Braucht man Privatrechtsschutz

Braucht man Privatrechtsschutz und bietet dieser rückwirkend Versicherungsschutz?

Es ist auch gar nicht so absurd, sich selbst für den Fall einer rechtlichen Kontroverse zu versichern. In zahlreichen Fällen sind es Nachbarschaftsstreitigkeiten, die einem den Gang zum Anwalt unvermeidlich erscheinen lassen. Eine Unterredung führt nicht sehr weit und Hauseigentumer halten sich in solchen Fällen gerne zurück. Sieht man die Anzahl von über eine Million, der vor Gericht verhandelten Streitigkeiten unter Nachbarn, ist das schon beängstigend. Die Streitwerte liegen dabei meist um 500 EUR und führen letztendlich zu nichts. Es werden bei einem Verfahren aber zusätzliche Kosten für Jurist und Kosten für die Abwicklung eines solchen Verfahrens in Höhe von 100 bis 150 Euro fällig. Hat man eine Rechtsschutz, werden diese Ausgaben vom Versicherer bezahlt.

Auch für das tägliche Dasein ist die Braucht man Privatrechtsschutz von steigender Bedeutung. Aber bei allem was wir tun, agieren wir im Dickicht von Recht und Gesetz. Nirgendwo auf der Erde ist das Umfeld und Leben so geregelt und von Rechts wegen abgesichert wie hier in Deutschland. Wo ein Raum frei von Recht und Gesetz gesehen wird, werden im Nu neue Vorschriften und Verordnungen von der Legislative beschlossen. Ob diese sinnig oder unnütz sind, ist einmal dahin gestellt.

Man muss für sich das Wagnis selber einschätzen, ob und in welcher Lage eine Rechtschutz für einen in Betracht kommt. Für die meisten Versicherungsnehmer ist der Einzug in eine eigene Heimstatt Grund genug, um sich gegen Streitsachen mit dem Vermieter abzusichern. Bei anderen ist es der Erwerb der Fahrberechtigung, um eine Verkehrsrechtsschutzversicherung abzuschließen. Warum man sich auch für eine Braucht man Privatrechtsschutz entschließt, macht man das zukunftsorientiert, für den Fall der Fälle.

Für was braucht man Privatrechtsschutz?

  1. Mietrechtsschutz
  2. Verkehrsrechtsschutz
  3. Vermieterrechtsschutz
  1. Die Versicherungssumme sollte mindestens 300.000 Euro (weltweit: mindestens 100.000 Euro) betragen.
  2. Wollen Sie die Konsequenzen der Selbstbeteiligungshöhe auf den Versicherungsbeitrag prüfen, beginnen Sie mit einer hohen Eigenbeteiligung im Vergleichsrechner – und wählen Sie an diesem Punkt immer niedrigere Eigenbeteiligung.
  3. Beinhaltet der Vertrag die Folge-Ereignis-Theorie, wird auch dann Rechtsschutz geleistet, wenn die Streitursache vor dem Versicherungsabschluss liegt.

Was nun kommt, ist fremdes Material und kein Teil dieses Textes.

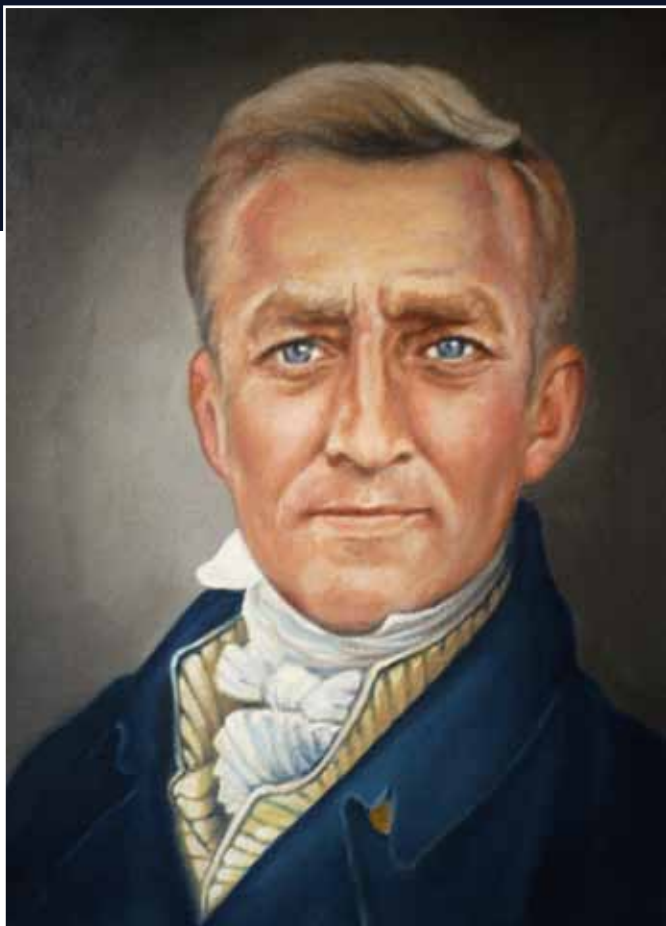
Självporträtt av Hannu Haapala

Braucht man Privatrechtsschutz?

Rechtsschutzversicherungen können verschiedene Bereiche umfassen. So werden unterschiedliche Möglichkeiten in der privaten Rechtschutzversicherung offeriert, dies lässt Kundinnen und Kunden auch die Option offen, aus diversen Modellen der Kfz-Rechtsschutzversicherung zu wählen.

In der KS-AUXILIA Privat-Rechtsschutz- und auch Verkehrsrechtsschutzversicherung gibt es vielfältig ausgeprägte Varianten mit Standard-Bausteinen, die auch von den meisten Assekuranzen in ähnlicher Weise angeboten werden. Es gibt darüber hinaus dazu Rechtsschutz-Bausteine, die nach Bedarf wahlweise eingeschlossen werden können. Zur Zusammenstellung Ihrer eigenen Rechtschutzversicherung und für nähere Fragen kontakten Sie am besten uns.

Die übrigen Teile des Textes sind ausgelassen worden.